Nothing gets UFC refs in a tiff more than fighters punching eachother in the back of the head (even when the receiving fighter is turtling and actively trying to angle his head to encourage such blows). But while refs will yell themselves hoarse repeating “Watch the back of the head”, it’s pretty rare that you hear them complain about illegal elbows, which seem a lot more dangerous than a glove to the back of the noggin.

Case in point, the Jared Rollins / Jon Koppenhaver fight had Jared throwing some of the nastiest elbows I’ve ever seen in my life. J-Roc was in guard position and basically went to town on Koppenhaver’s head, cutting him open badly. But were those elbows legal? Let’s see how Big John McCarthy defines illegal elbows before we continue:

“Everyone thinks downward point of elbow strikes are not allowed, so you cannot hit with the point of the elbow. That’s not true. That’s not what it was for. That’s not what it meant. A fighter can strike with any part of his arm in the Unified Rules. It doesn’t matter if it’s the point of the elbow. It’s one type of elbow is not allowed. That is your hand going up to twelve o’clock and bringing it down to six o’clock, in that type of position.”

Well, that certainly sounds like what Jared Rollins was doing to Jon Koppenhaver. And it also sounds like what Anderson Silva did to Travis Lutter at the end of their bout. Perhaps the defense is that they weren’t striking 12 o’clock to 6 o’clock but rather 12:30 to 5:30. I really don’t know. There’s also been speculation as well that 12 to 6 is static, as in you just can’t go up and down gravity-wise, but when you’re horizontal, everything is legal. Which seems kinda fishy, but hey … I’m not a big fan of rules anyways, so who really cares? I just think it’s something someone might want to clarify. Safety and all that, you know?

Hello everyone, Captain Obvious here. I just wanted to stop by and inform you all of the shocking news that Forrest Griffin and Quinton Jackson are the coaches for TUF7. Woah … are you okay? I know the news would shock and surprise you, but I didn’t expect you to fall over in amazement. I understand though … this is so out of the blue. No one was expecting this at all.

Now before you all start hopping around shouting “Squeeee!”, let’s take a moment with Adam Swift from to see what this means (past weeks of Rampage/Forrest chicanery sponsored by Old Spice):

Assuming an April premier and a twelve-week season, Jackson-Griffin will take place on Saturday June 21st at the earliest. At that time the company’s premier weight class will have been on hold for at least eight months. The Light Heavyweight title will likely be defended only twice next year as the company continues to move towards more of a boxing work load for its top stars (2-3 fights per year).

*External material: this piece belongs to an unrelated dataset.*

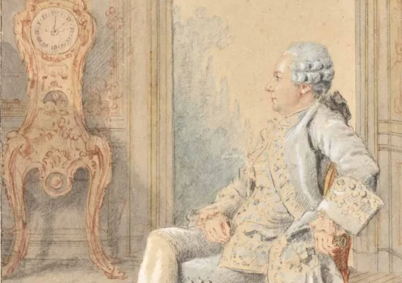 Sur cette belle feuille aquarellée, Carmontelle représente Jean-Benjamin de La Borde (1734 - 1797), nommé en 1762 valet de chambre du roi et gouverneur du Louvre. Il fait face à la célèbre pendule astronomique conçue par Claude-Siméon Passemant dès 1743 et installée dans le petit appartement du roi en 1754. Sur ce dessin, elle est représentée complète, avec son boitier en bronze doré, chef-d’œuvre rocaille de Jacques Caffieri, sur son piédestal de marbre. Carmontelle met ici en scène de manière indirecte l’intimité de La Borde avec le roi, tandis que la clef qu’il tient dans sa main gauche, négligemment mais ostensiblement, évoque sans doute sa fonction de gouverneur du Louvre. Carmontelle et La Borde fréquentaient les mêmes salons parisiens, en particulier celui de la Guimard, célèbre danseuse et commédienne dont La Borde était l’amant et pour laquelle Carmontelle composait des saynètes. Le modèle et l’artiste qui le représente avaient d’ailleurs créé ensemble de petites pièces de théâtre.

It doesn’t take a Captain Obvious to tell you that TUF7 will do what TUF6 did to the welterweight division: stall it out and render most bouts practically meaningless past pecking order for sloppy seconds or thirds. And hey, after all that plus a season of terrible television, the big payoff fizzled when Matt Serra’s spine exploded.

I’ve got my fingers crossed that Dana White is serious when he says they’re switching shit up and we’ll be amazed. Because shelving the LHW title is a pretty big deal, and if TUF7 doesn’t live up to expectations it could be yet another big mistake the UFC has made over the past several months.